-------- Information provided

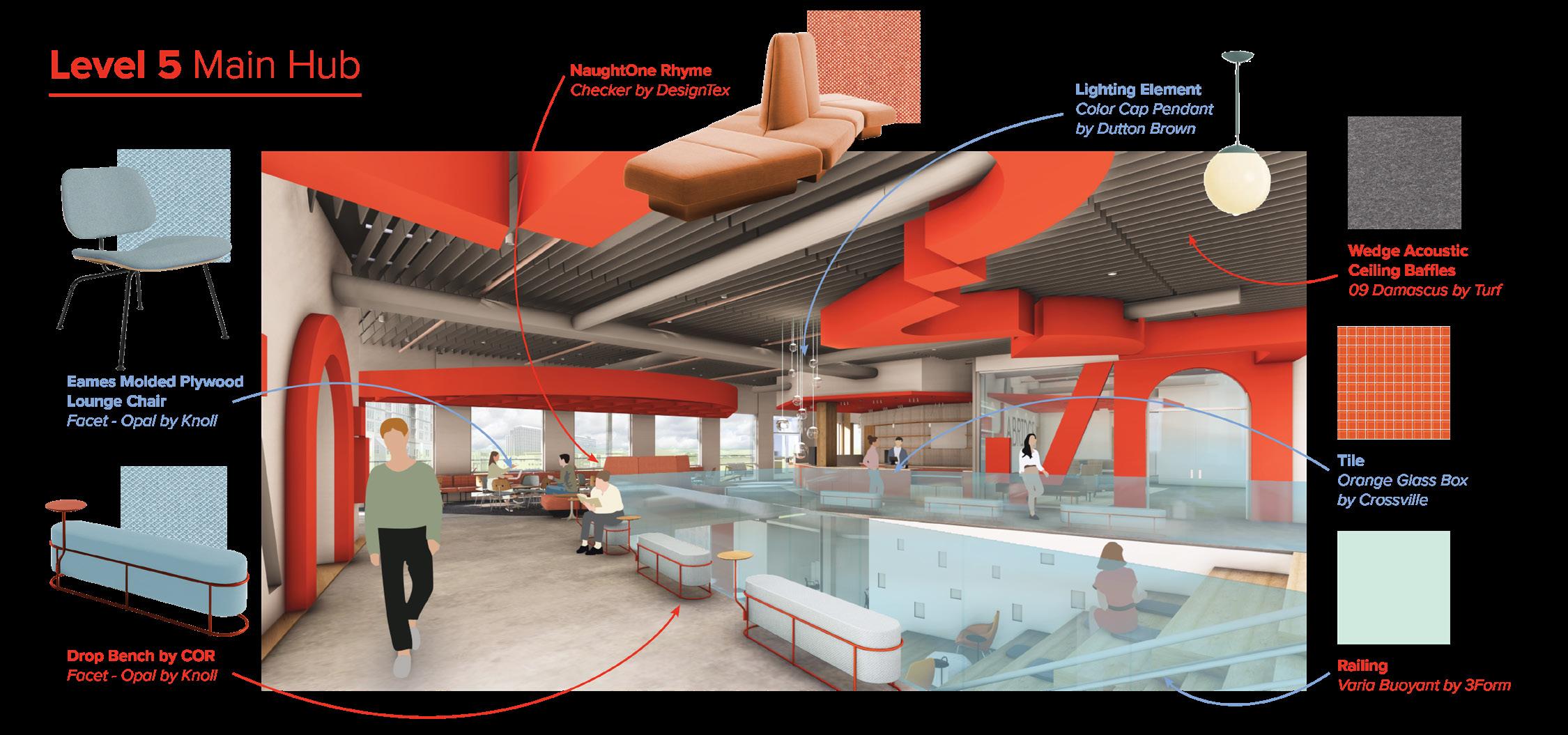 This project tackled the continually evolving challenge of workplace design. This concept for Abridge, a healthcare technology company that uses generative AI to transcribe patient/clinician conversations, translates their ideology into a physical space. Across two levels, the office balances public-facing and private functions while prioritizing employee well-being and productivity. Workstations line the perimeter to maximize natural light, while offices, meeting rooms, and huddle spaces are carved into the central core to support both focused and collaborative work. Brand elements such as Abridge’s signature orange, waveform-inspired forms, and acoustic felt features reinforce identity while creating a comfortable, flexible, and engaging workplace.
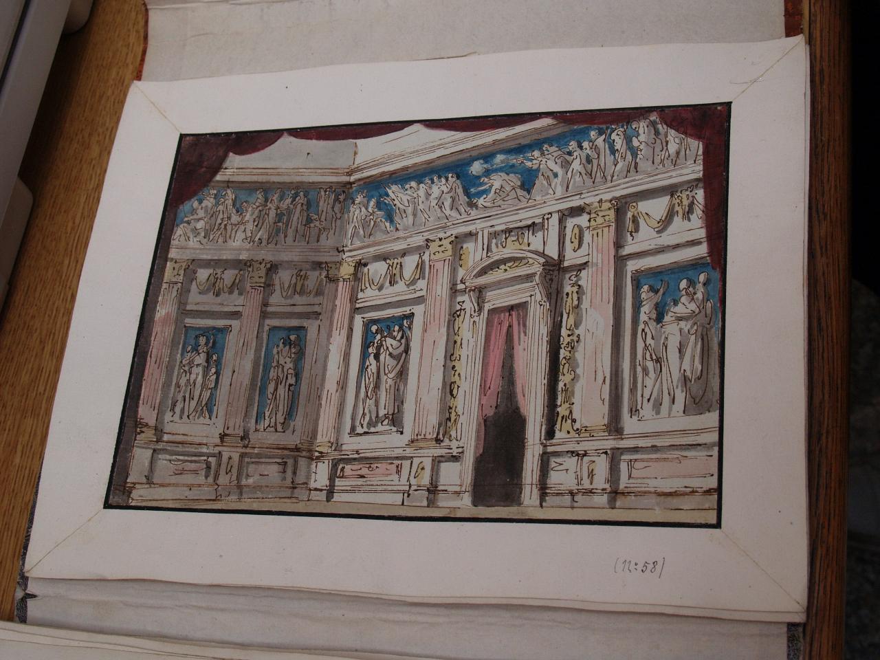 - NOTIZIE STORICO CRITICHE I disegni contenuti nella cartella K I 23 recano il titolo "Galliari Decorazioni teatrali a colore". Lo stile suggerisce di attribuirli a Gaspare e alla sua attività milanese collocata tra il 1801 e il 1823. Alcuni disegni collocati in passepartout recano una didascalia, recente ma anonima, che li attribuisce esplicitamente a Gaspare.
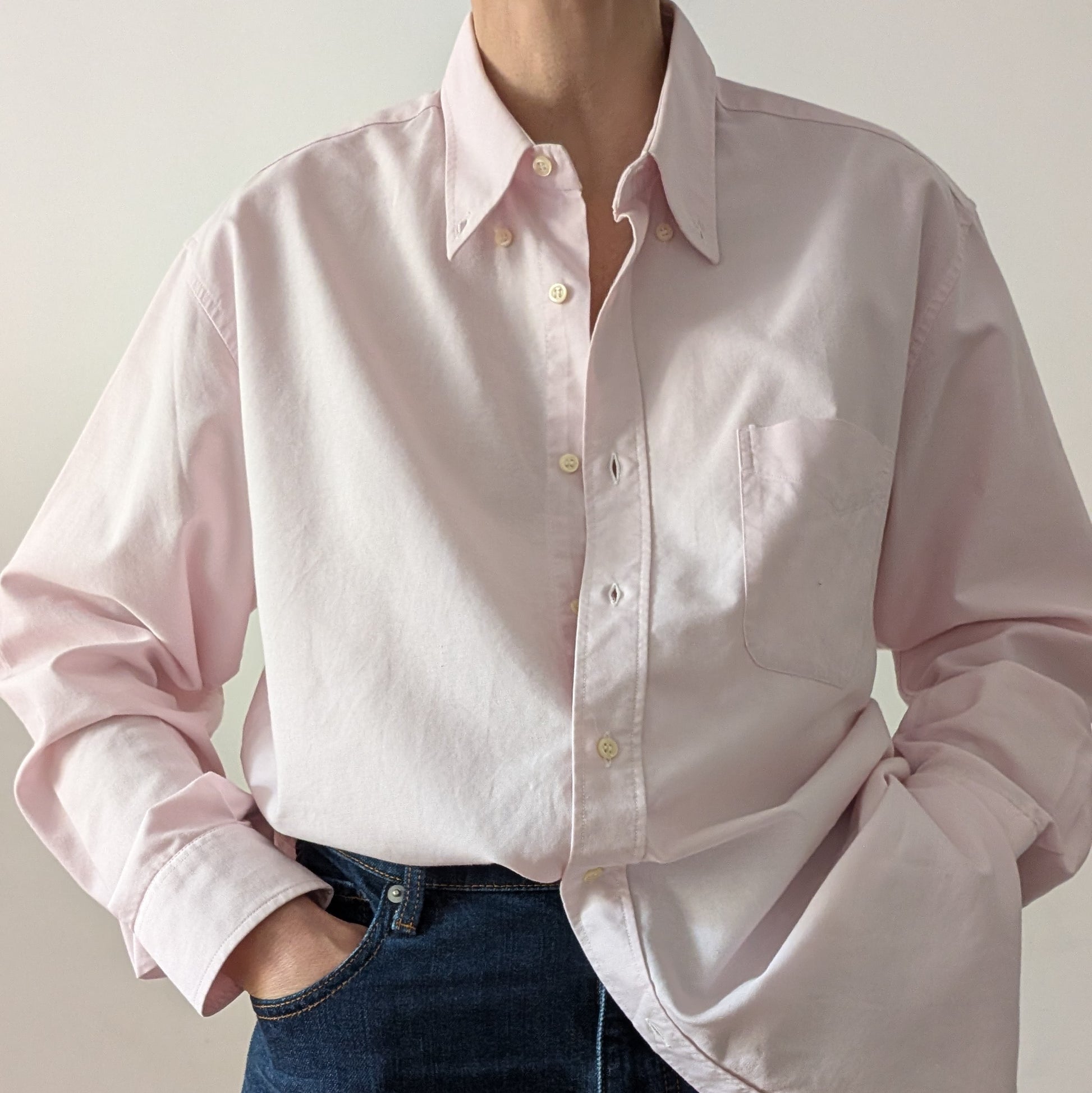 Camicia maschile Burberrys selezionata per essere indossata da una donna, con vestibilità oversize e un’estetica essenziale.
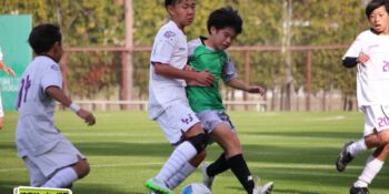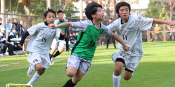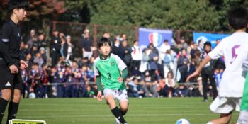 SUGITOは前半17分、渡辺一都(6年)のパスから10番宮坂琉斗(6年)がゴール左隅に決めて先制すると、19分には宮坂が今度は左足のFKを直接ゴールに蹴り込んでリードを広げた。

----------------

What to work on – Reproduce the lines of the listing exactly, starting at the one that contains "Camicia maschile Burberrys" and continuing through the final line, but leave out the pictures.

Response to the exercise –
 Camicia maschile Burberrys selezionata per essere indossata da una donna, con vestibilità oversize e un’estetica essenziale.
 SUGITOは前半17分、渡辺一都(6年)のパスから10番宮坂琉斗(6年)がゴール左隅に決めて先制すると、19分には宮坂が今度は左足のFKを直接ゴールに蹴り込んでリードを広げた。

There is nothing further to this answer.